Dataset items
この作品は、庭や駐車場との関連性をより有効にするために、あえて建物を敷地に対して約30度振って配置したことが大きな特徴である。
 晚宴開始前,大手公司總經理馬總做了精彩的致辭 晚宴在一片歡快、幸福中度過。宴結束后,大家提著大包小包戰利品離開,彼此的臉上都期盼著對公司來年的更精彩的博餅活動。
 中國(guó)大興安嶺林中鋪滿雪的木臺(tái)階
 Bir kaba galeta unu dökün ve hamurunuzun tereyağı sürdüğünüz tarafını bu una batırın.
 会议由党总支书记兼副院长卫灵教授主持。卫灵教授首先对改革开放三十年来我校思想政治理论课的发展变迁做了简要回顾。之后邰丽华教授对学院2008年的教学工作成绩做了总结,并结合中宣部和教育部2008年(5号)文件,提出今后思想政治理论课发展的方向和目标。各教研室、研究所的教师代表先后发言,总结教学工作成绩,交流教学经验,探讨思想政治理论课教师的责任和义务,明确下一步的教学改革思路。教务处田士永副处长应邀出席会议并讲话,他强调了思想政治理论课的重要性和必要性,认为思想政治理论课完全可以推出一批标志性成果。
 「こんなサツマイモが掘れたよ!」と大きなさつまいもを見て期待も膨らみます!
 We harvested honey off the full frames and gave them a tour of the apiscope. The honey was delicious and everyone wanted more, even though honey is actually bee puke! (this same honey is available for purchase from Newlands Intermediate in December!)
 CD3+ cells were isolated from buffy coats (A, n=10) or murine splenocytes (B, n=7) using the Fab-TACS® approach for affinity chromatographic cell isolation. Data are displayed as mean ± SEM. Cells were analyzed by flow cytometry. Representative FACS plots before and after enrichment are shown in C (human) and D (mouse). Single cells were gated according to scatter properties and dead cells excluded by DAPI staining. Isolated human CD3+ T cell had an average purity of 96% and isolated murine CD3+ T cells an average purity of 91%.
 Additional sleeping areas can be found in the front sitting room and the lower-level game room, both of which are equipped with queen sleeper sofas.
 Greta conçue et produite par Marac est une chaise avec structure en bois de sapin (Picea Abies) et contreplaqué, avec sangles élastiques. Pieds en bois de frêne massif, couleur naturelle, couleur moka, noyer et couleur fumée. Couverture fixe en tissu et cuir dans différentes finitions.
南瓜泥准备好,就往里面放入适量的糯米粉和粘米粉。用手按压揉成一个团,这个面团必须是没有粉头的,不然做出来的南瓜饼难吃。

Problem description: Beginning with the first line above, could you copy every line exactly, up to and including the one with "We harvested honey"?

Answer to the problem:
この作品は、庭や駐車場との関連性をより有効にするために、あえて建物を敷地に対して約30度振って配置したことが大きな特徴である。
 晚宴開始前,大手公司總經理馬總做了精彩的致辭 晚宴在一片歡快、幸福中度過。宴結束后,大家提著大包小包戰利品離開,彼此的臉上都期盼著對公司來年的更精彩的博餅活動。
 中國(guó)大興安嶺林中鋪滿雪的木臺(tái)階
 Bir kaba galeta unu dökün ve hamurunuzun tereyağı sürdüğünüz tarafını bu una batırın.
 会议由党总支书记兼副院长卫灵教授主持。卫灵教授首先对改革开放三十年来我校思想政治理论课的发展变迁做了简要回顾。之后邰丽华教授对学院2008年的教学工作成绩做了总结,并结合中宣部和教育部2008年(5号)文件,提出今后思想政治理论课发展的方向和目标。各教研室、研究所的教师代表先后发言,总结教学工作成绩,交流教学经验,探讨思想政治理论课教师的责任和义务,明确下一步的教学改革思路。教务处田士永副处长应邀出席会议并讲话,他强调了思想政治理论课的重要性和必要性,认为思想政治理论课完全可以推出一批标志性成果。
 「こんなサツマイモが掘れたよ!」と大きなさつまいもを見て期待も膨らみます!
 We harvested honey off the full frames and gave them a tour of the apiscope. The honey was delicious and everyone wanted more, even though honey is actually bee puke! (this same honey is available for purchase from Newlands Intermediate in December!)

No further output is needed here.